Start of SUPPLIED DATA

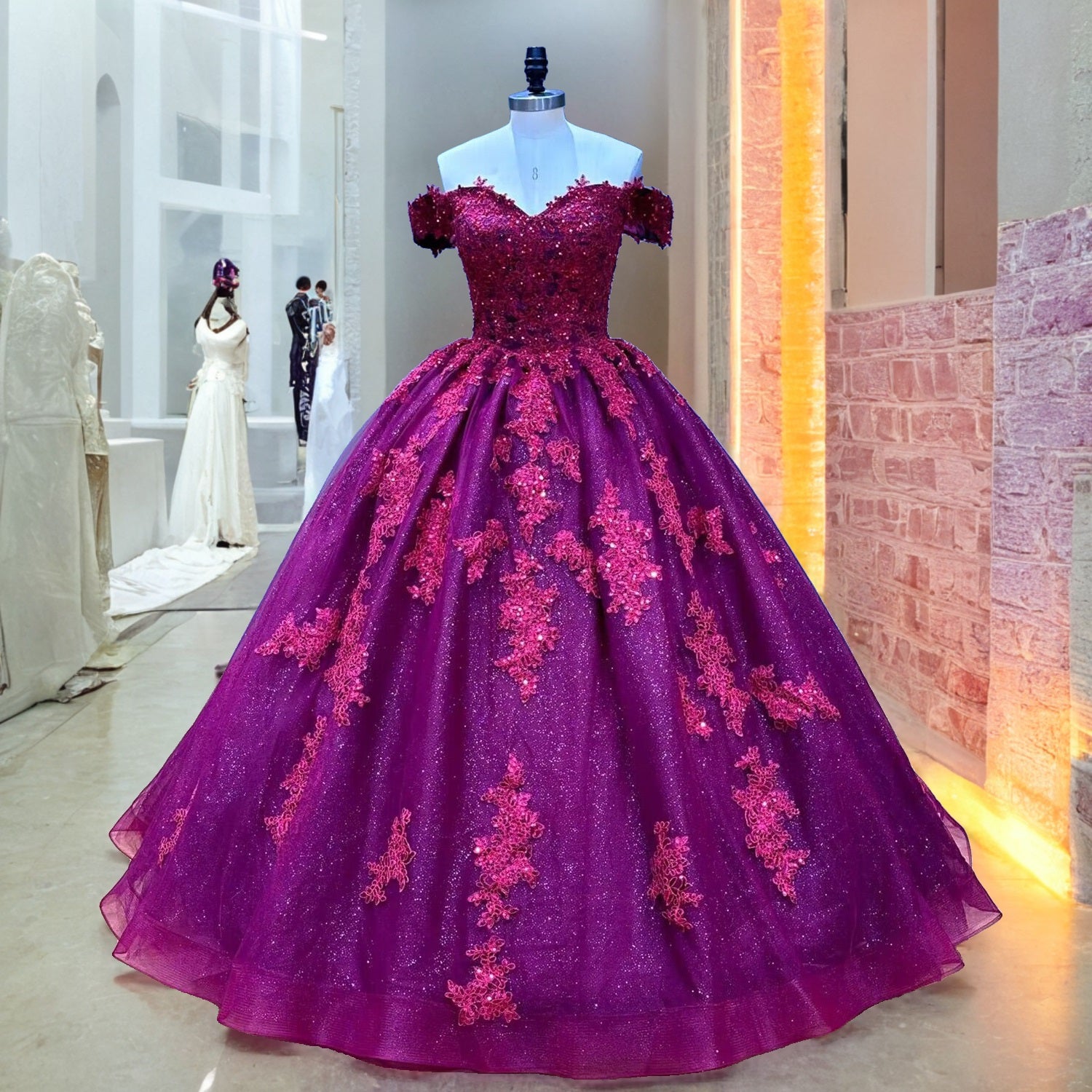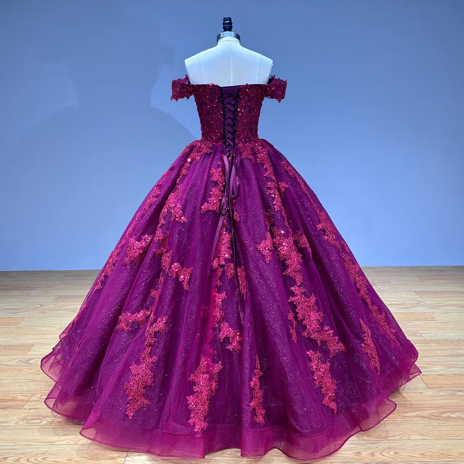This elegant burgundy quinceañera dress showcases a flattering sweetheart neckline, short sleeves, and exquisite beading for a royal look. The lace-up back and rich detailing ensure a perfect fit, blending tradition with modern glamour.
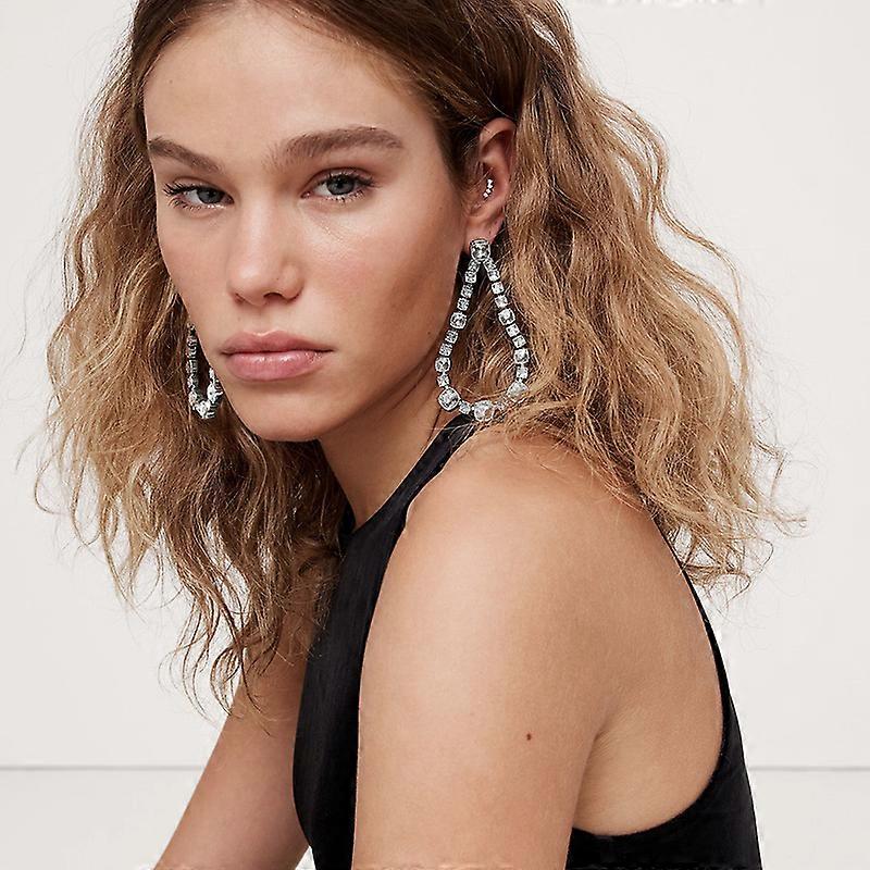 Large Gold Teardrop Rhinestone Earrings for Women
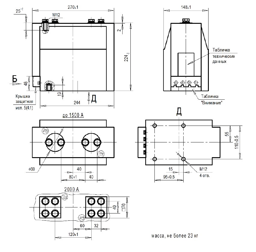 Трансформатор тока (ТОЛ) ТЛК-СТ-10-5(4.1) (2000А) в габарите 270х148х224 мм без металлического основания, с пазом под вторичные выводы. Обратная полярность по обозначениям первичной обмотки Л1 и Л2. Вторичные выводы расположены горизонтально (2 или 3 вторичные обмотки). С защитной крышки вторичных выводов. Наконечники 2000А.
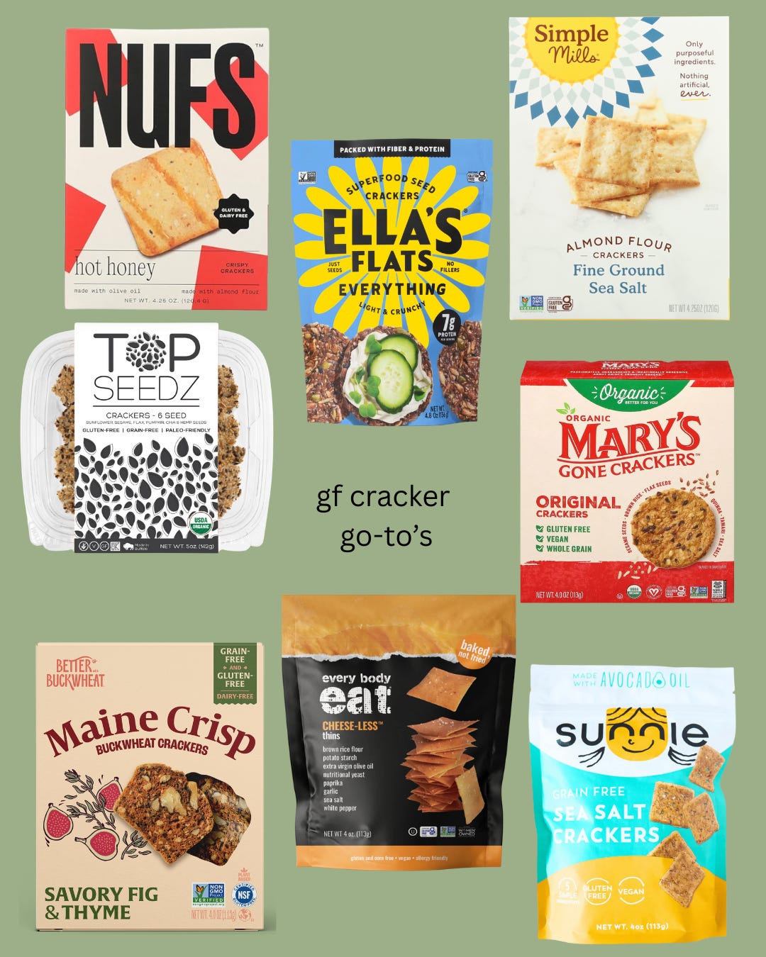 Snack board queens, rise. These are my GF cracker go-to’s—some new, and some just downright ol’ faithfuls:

End of SUPPLIED DATA

HOW TO COMPLETE THIS TASK: Write out exactly and only the lines that run from the start of the data above through the line containing "Large Gold Teardrop", leaving the pictures out.

COMPLETED TASK:
This elegant burgundy quinceañera dress showcases a flattering sweetheart neckline, short sleeves, and exquisite beading for a royal look. The lace-up back and rich detailing ensure a perfect fit, blending tradition with modern glamour.
 Large Gold Teardrop Rhinestone Earrings for Women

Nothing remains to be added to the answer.